Everyone knows I’m no fan of the Communist Party of Cuba, nor of the police-state authoritarianism created after the Cuban Revolution was betrayed. That regime bears enormous responsibility for the suffering, repression, poverty, censorship, and fear experienced by generations of Cubans—just as U.S. policies have also played a major role in deepening Cuba’s crisis.
But if you are celebrating the indictment of Raúl Castro, then, you are profoundly mistaken.
First, one of the main reasons for this indictment is obvious: it helps construct the legal and political framework—the excuse—for possible escalation or intervention, much like what Washington attempted in Venezuela. The indictment itself is tied to the 1996 shootdown of planes operated by Brothers to the Rescue, for which the U.S. Department of Justice recently unsealed charges against Castro and several former Cuban officials.

Let’s be honest about how these things work.
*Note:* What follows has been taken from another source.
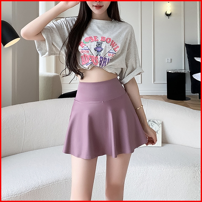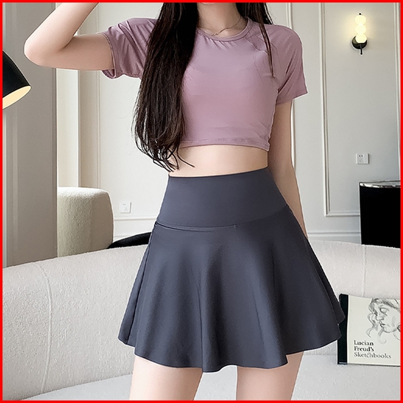 Aklover Rok Olahraga Wanita Rok Skirt Pendek Olahraga Pinggang Tinggi 2 In 1 Rok Tenis Golf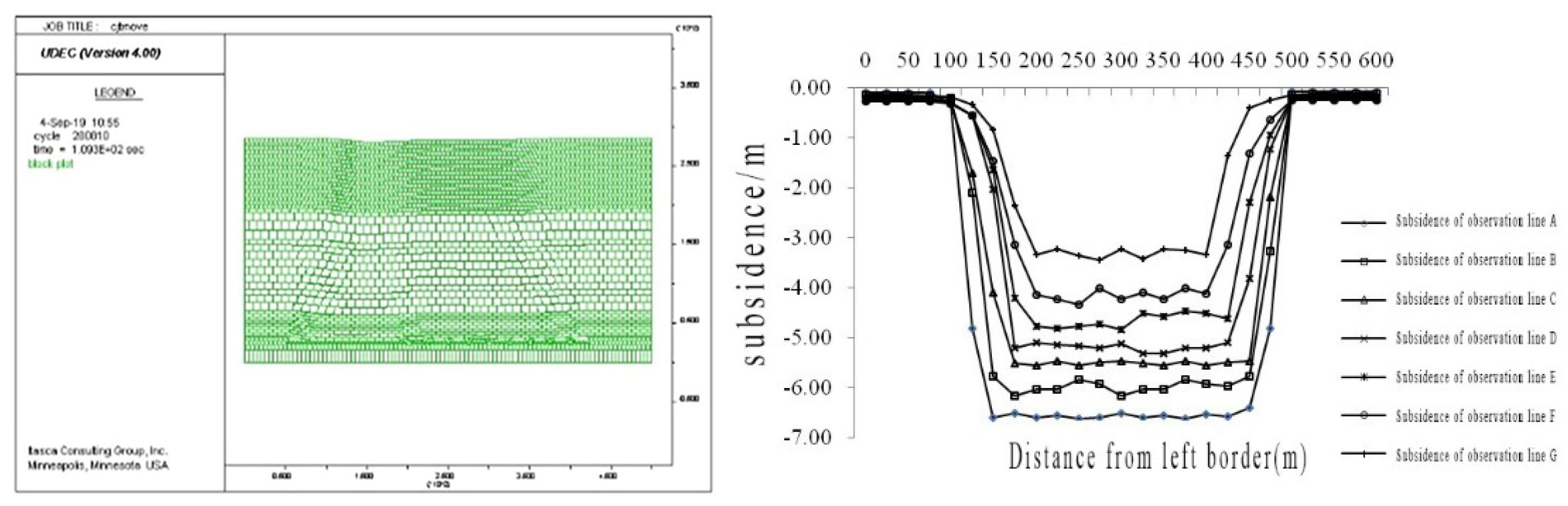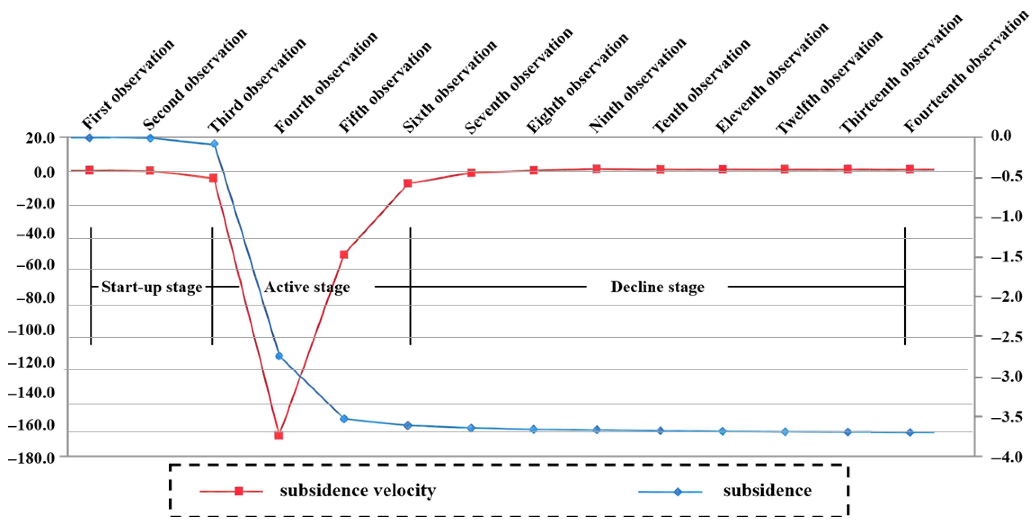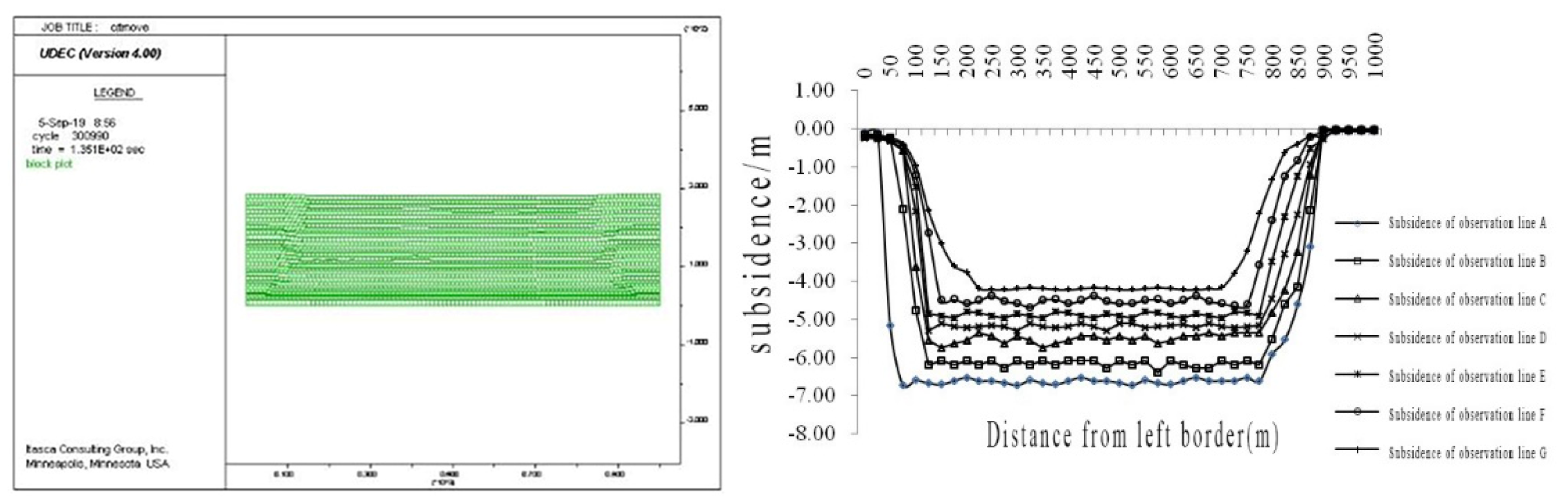 | Excavation Distance | Overburden Caving Form | Subsidence Curve of Observation Line |

The U.S. military establishment often looks for legal and geopolitical justification before major action. Recently, even discussions surrounding pressure campaigns elsewhere—like Greenland—revealed tensions between political ambitions and military-strategic realities. The Joint Chiefs understand that reckless adventurism can damage alliances such as NATO, which remains central to projecting American power and containing rivals like Russia.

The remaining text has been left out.